I can shoot rifles off my back porch, the land backs up to a little mountain, so it makes a good rifle range. I do have two actual firing ranges, one pistol and one rifle. Zero neighbors to the back, 1/2 mile long driveway. My neighbor has a make shift gun range out front, he wakes me up sometimes really early. A local Cop lives down the road and he loves full autos for hours with his department issued ammo. I don't complain, I probably make the most noise with my big bores. Its funny some days, I'll go test a new load and then the neighbors start up. Can't see them, but I can hear them.


----------



## markba633csi (Jun 28, 2017)

Hi Gasmith,  don't know much about guns, my Dad left me a few- Bersa is one of 'em, plus a nice double shotgun and a few others
Mark S.


----------



## gasmith (Jun 28, 2017)

markba633csi said:


> Hi Gasmith,  don't know much about guns, my Dad left me a few- Bersa is one of 'em, plus a nice double shotgun and a few others
> Mark S.


The possibilities for them are endless for a machinist.


----------



## markba633csi (Jun 28, 2017)

Lot of good machinists here, plenty of expertise whatever you need help on 
Mark S.


----------



## GA Gyro (Jun 29, 2017)

gasmith said:


> I live in Woodstock and work in Roswell.



Welcome to the forum!

Have not had as much shop time lately as I wish I could... I run a small heating and AC business (and during the summer it is hard to find time for much else).

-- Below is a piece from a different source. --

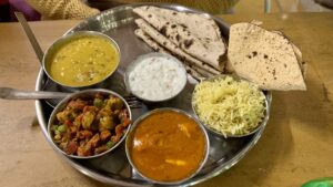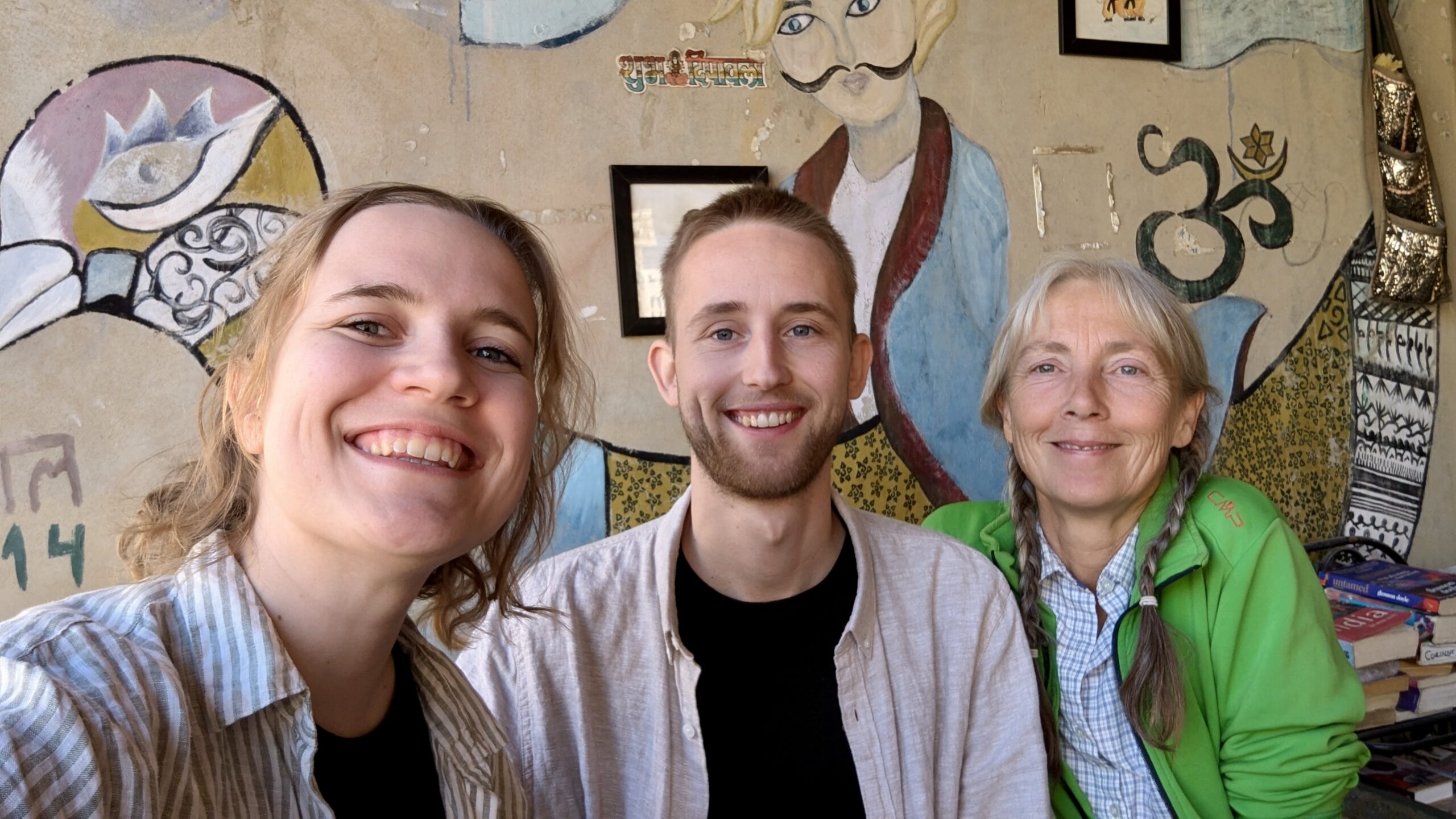Carmen (die Studentin, die wir in Jodhpur kennengelernt hatten) schrieb uns via WhatsApp, ob wir mit ihr essen gehen wollten. Wir trafen uns kurze Zeit später in einem kleinen Restaurant außerhalb der Festungsmauer und aßen gemeinsam verschiedene Currys. Alles war sehr lecker und tat nach dem kargen Frühstück richtig gut. Da sie am nächsten Tag auch von Jaisalmer nach Delhi zurückfliegen würde, beschlossen wir, uns das TukTuk zu teilen, um Geld zu sparen, und verabredeten uns für den nächsten Mittag an unserem Hostel.Sascha und ich gingen zurück zu unserem Hostel, setzten uns auf die Terrasse und tranken mindestens fünf Kannen Ingwer-Zitronen-Honig-Tee, da wir beide leicht verschnupft und Halsschmerzen hatten. Ich glaube, wir haben über die drei Tage hinweg den gesamten Vorrat von Ashish aufgetrunken. Zwischendurch mussten wir eine der Rechnungen fürs Essen im Voraus bezahlen, weil er meinte, er müsste neue Zitronen kaufen. Hoppala! 😄 War aber auch wirklich lecker, der Tee!

On the firearms subject... I enjoy shooting, albeit not competitive (keeping scheduled meetings weekly is difficult with my business).
I like CZ's... have a 'tactical' and a P09... although my preferred is a Beretta 92A1

I live in the Norcross/Duluth area... 

Perhaps when AC season is over (around October)...
Us metro Atlanta folks could get together...


----------



## gasmith (Jun 29, 2017)

GA Gyro said:


> Welcome to the forum!
> 
> Have not had as much shop time lately as I wish I could... I run a small heating and AC business (and during the summer it is hard to find time for much else).
> 
> ...



Sure thing man.  The Beretta is something I can do also.  Wilson is making some good stuff for them now.


----------



## GA Gyro (Jun 29, 2017)

gasmith said:


> Sure thing man.  The Beretta is something I can do also.  Wilson is making some good stuff for them now.

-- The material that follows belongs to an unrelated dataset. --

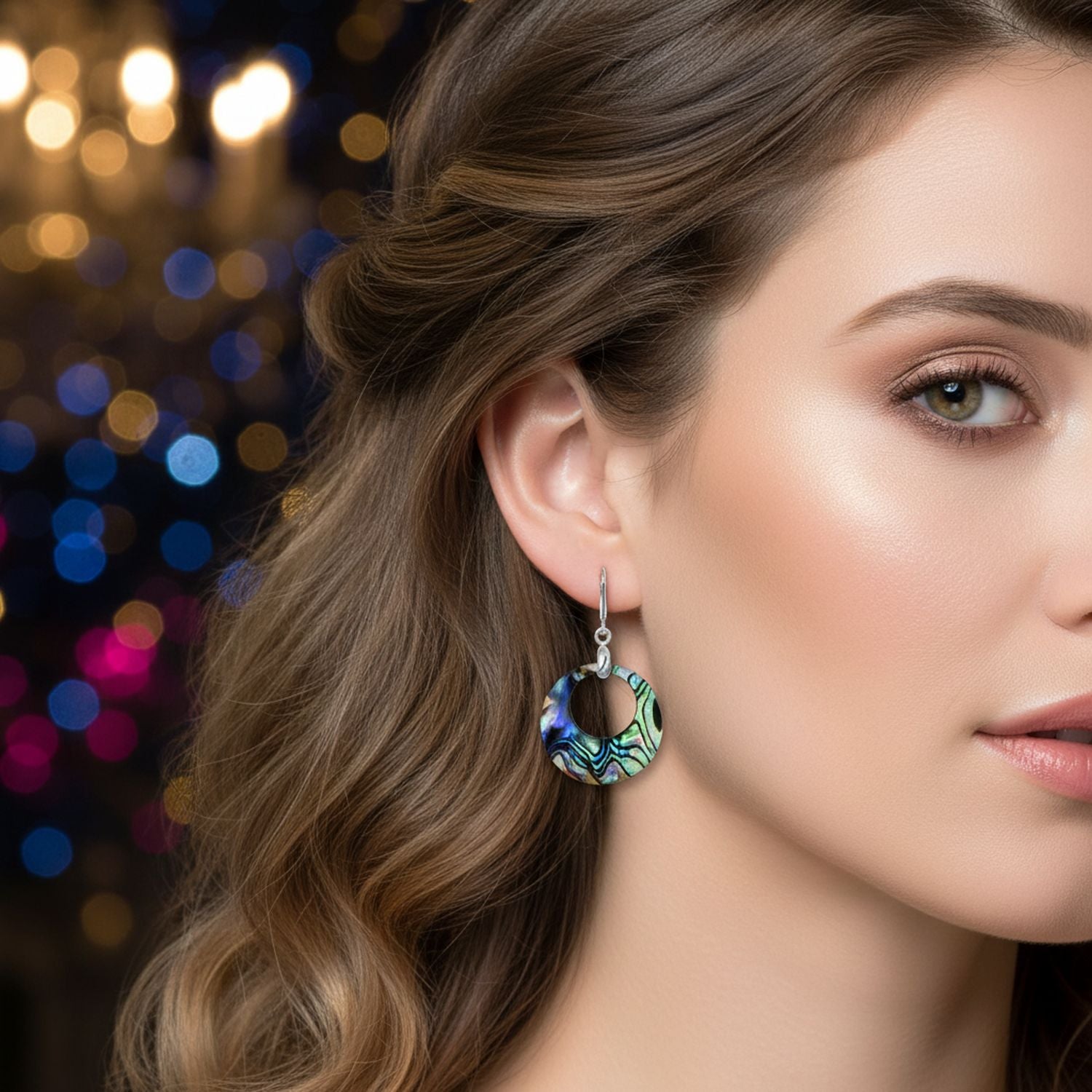 - Enhance your style with .925 sterling silver abalone round dangle hoop earrings. Perfect for summer, these earrings feature abalone shell detailing. Lever back design ensures comfort. Ideal gift for any occasion.

Yes, Wilson makes some cool stuff for Beretta's...

So far, I have a slightly lighter hammer spring and a fat hogue grip... I have chunky hands, so a fat grip works for me.

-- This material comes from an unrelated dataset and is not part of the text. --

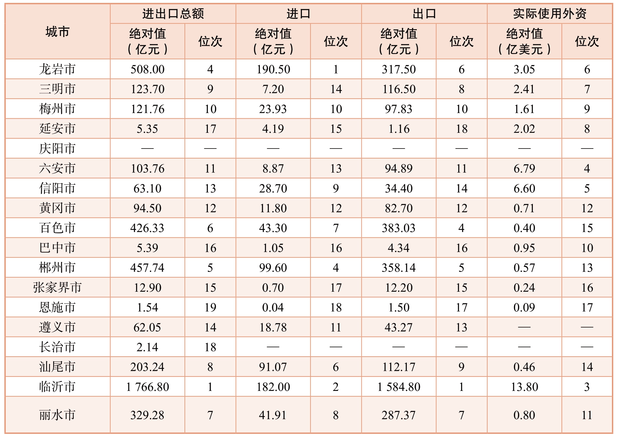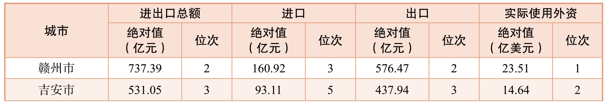 (2)经济外向度及营商环境优势。赣州既是中国沿海腹地,又是内地前沿,毗邻粤港澳大湾区,是赣闽粤湘四省通衢唯一的省域副中心城市、对接融入粤港澳大湾区的桥头堡,具有承南启北、呼东应西的区位优势。同时,赣州拥有3个国家级经济技术开发区、1个国家级高新区、1个综合保税区和我国中部除武汉外的第二个内陆口岸,是全国革命老区中唯一拥有铁路、公路、航空三大口岸的城市,开放设施体系相对较为完备,对外资的吸引力强,2021年赣州市在20个革命老区重点城市中实际使用外资(23.51亿美元)、进出口总额(737.39亿元)分列第1、2位,经济外向度较高,如表1-15所示。

Hope to make a range visit over the holiday weekend.  

Did you make the NRA show downtown in April... WOW that was a LOT of walking... yet grand fun!


----------



## gasmith (Jun 29, 2017)

GA Gyro said:


> Yes, Wilson makes some cool stuff for Beretta's...
> 
> So far, I have a slightly lighter hammer spring and a fat hogue grip... I have chunky hands, so a fat grip works for me.
> 
> ...



Yeah I did.  I was networking in my own back yard.  One suggestion about the Beretta, Wilson is making a complete kit for them that has a trigger bar with an overtravel stop that needs to be fit.  It also comes with a reduced power trigger spring and choice of 3 reduced power mainsprings.  If youre using the 2 lightest ones, its important to use a lighter hammer.  Beretta makes a skeletonized hammer that is cheap (or you can machine a factory one).


----------



## GA Gyro (Jun 30, 2017)

gasmith said:


> Yeah I did.  I was networking in my own back yard.  One suggestion about the Beretta, Wilson is making a complete kit for them that has a trigger bar with an overtravel stop that needs to be fit.  It also comes with a reduced power trigger spring and choice of 3 reduced power mainsprings.  If youre using the 2 lightest ones, its important to use a lighter hammer.  Beretta makes a skeletonized hammer that is cheap (or you can machine a factory one).



THX...
I think I have read about that kit... saw a video of a kit with lots of trigger parts for a 92... made a mental note to look into it this fall.
I would LOVE to get into gun-smithing... however am a bit 'gun-shy'  about the record keeping part... 
May buy you lunch this fall and get you to explain it to me.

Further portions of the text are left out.